Exercise goal:
Could you set down the lines from the first line of the entries below through the line with "Thu Ngân xuất", exactly and with no pictures?

Material for this task:
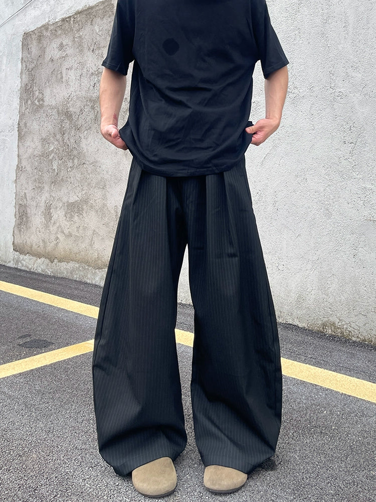ウエスト周りはすっきりと仕上げられ、裾にかけてゆったりと広がるボリュームがモードで仕上げられた雰囲気を演出します。
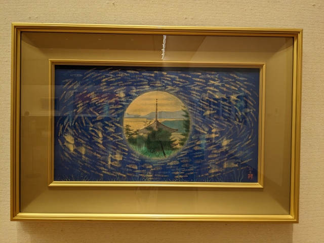 ここに描かれているのは生口島の瀬戸田に今もそびえる向上寺三重塔。そのまわりに広がるのは青い海を泳ぐ金色の魚群。ふるさとの瀬戸田は平山にとって心の桃源郷であったのではと考えさせられます。
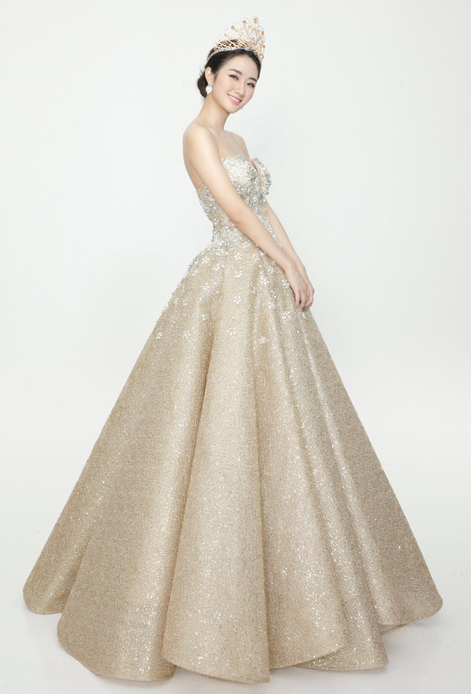 Thu Ngân xuất hiện rạng rỡ và xinh đẹp trong bộ đầm dạ hội lộng lẫy của nhà thiết kế Lê Long Dũng
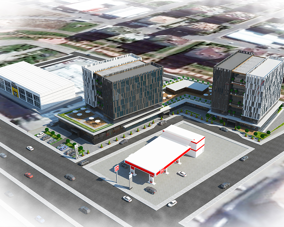 İşin Tanımı: Diyarbakır’ın en işlek caddelerinden biri olan Urfa Yolu üzerinde, Özkılıç Motorlu Araçlar ve akaryakıt istasyonunun yanında konumlanan proje; toplam 22.258 m² alan üzerine kurulu 2 blok ve 80 adet farklı metrekarede ofisten oluşmaktadır. Modern mimari anlayışla tasarlanan bina, aynı çizgiyi ofis içlerinde de sürdürmektedir.
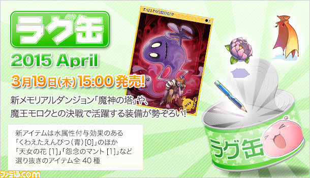 ガンホー・オンライン・エンターテイメントは、サービス中のPC用オンラインRPG『ラグナロクオンライン』において、2015年3月19日(木)15時より“ラグ缶2015 April”を発売する。
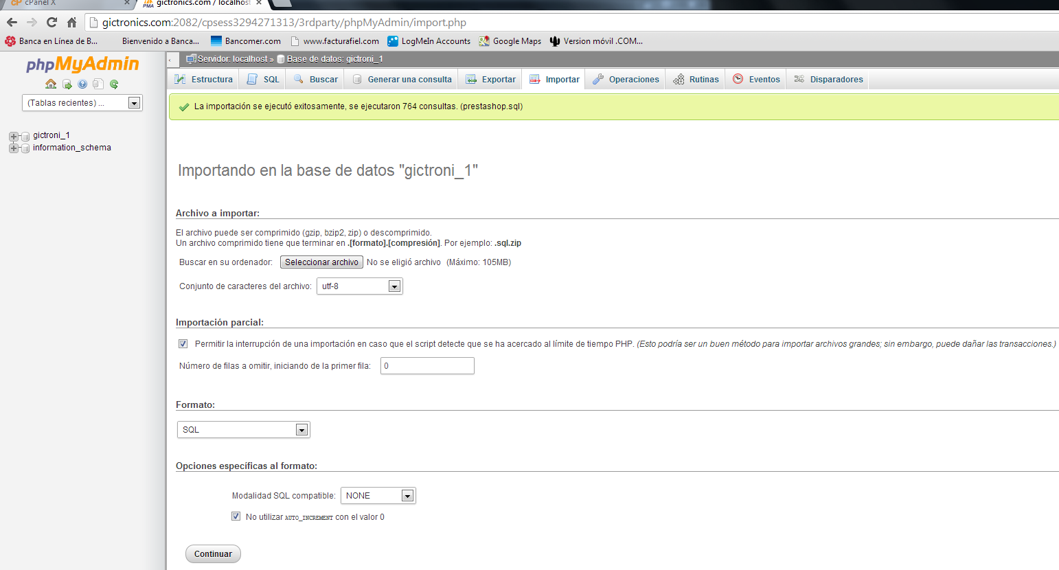 Sergio Ruiz Posted September 17, 2013 Share Posted September 17, 2013 Creo que resolvi esa parte porque efectivamente debia seleccionar Prestashop y despues importar para que en mi phpadmin del host acual importara y lo creo bien... les anexo imagen ya no hay error .... ahora lo que sigue. Por lo que se ve en la imagen, efectivamente parece que se importo correctamente. Link to comment Share on other sites More sharing options...
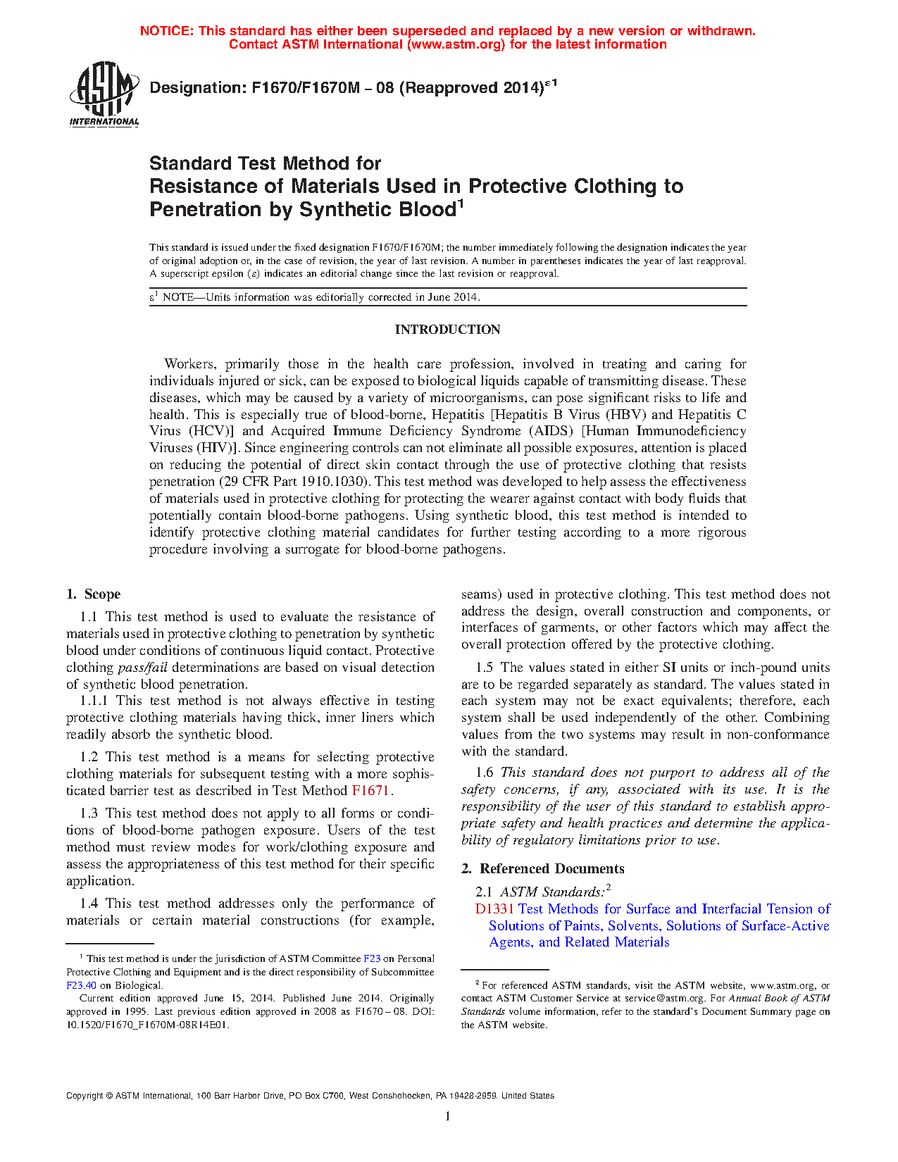 1.3 This test method does not apply to all forms or conditions of blood-borne pathogen exposure. Users of the test method must review modes for work/clothing exposure and assess the appropriateness of this test method for their specific application.

Exercise output:
ウエスト周りはすっきりと仕上げられ、裾にかけてゆったりと広がるボリュームがモードで仕上げられた雰囲気を演出します。
 ここに描かれているのは生口島の瀬戸田に今もそびえる向上寺三重塔。そのまわりに広がるのは青い海を泳ぐ金色の魚群。ふるさとの瀬戸田は平山にとって心の桃源郷であったのではと考えさせられます。
 Thu Ngân xuất hiện rạng rỡ và xinh đẹp trong bộ đầm dạ hội lộng lẫy của nhà thiết kế Lê Long Dũng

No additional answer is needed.